## To do
Starting at the line holding "Der Grill ist" and finishing at the line holding "Solved: ABCD is", transcribe the material exactly, keeping both ends but no pictures.

## Information supplied
※
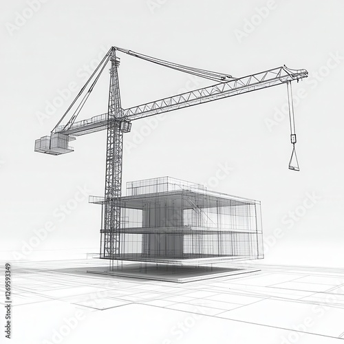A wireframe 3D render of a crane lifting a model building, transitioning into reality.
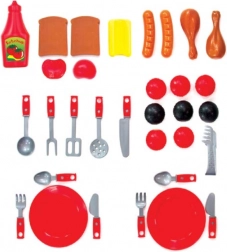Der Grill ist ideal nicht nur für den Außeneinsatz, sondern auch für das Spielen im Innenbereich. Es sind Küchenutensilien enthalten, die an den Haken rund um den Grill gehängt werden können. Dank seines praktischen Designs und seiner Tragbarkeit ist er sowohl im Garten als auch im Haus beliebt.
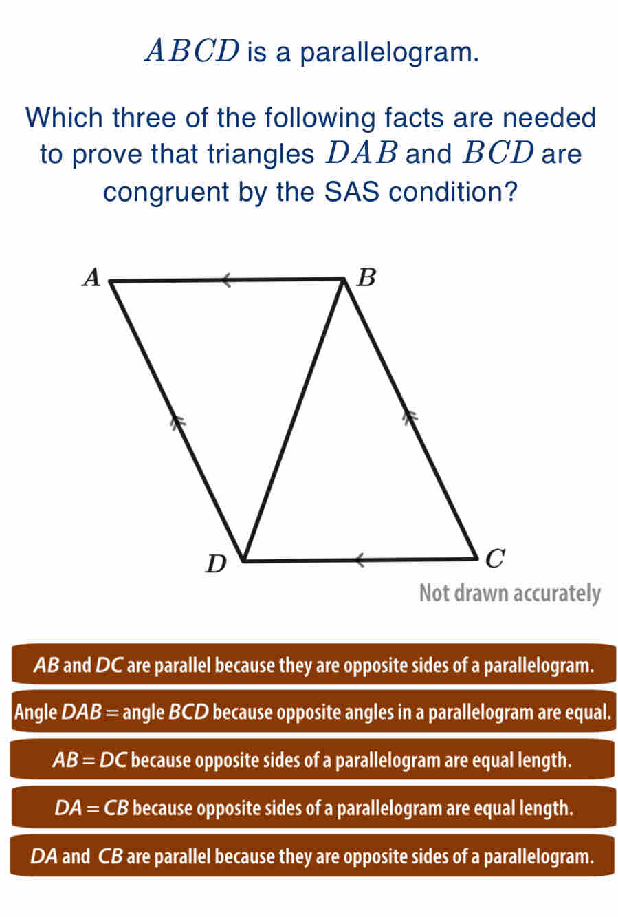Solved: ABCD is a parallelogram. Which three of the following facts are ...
※
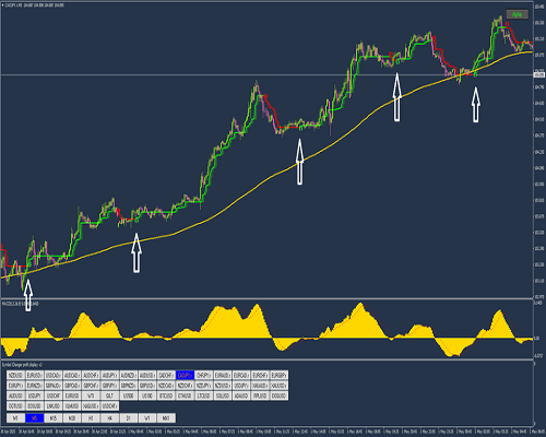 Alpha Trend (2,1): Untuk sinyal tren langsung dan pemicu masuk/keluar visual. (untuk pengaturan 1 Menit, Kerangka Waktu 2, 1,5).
※
## Response to this task
Der Grill ist ideal nicht nur für den Außeneinsatz, sondern auch für das Spielen im Innenbereich. Es sind Küchenutensilien enthalten, die an den Haken rund um den Grill gehängt werden können. Dank seines praktischen Designs und seiner Tragbarkeit ist er sowohl im Garten als auch im Haus beliebt.
Solved: ABCD is a parallelogram. Which three of the following facts are ...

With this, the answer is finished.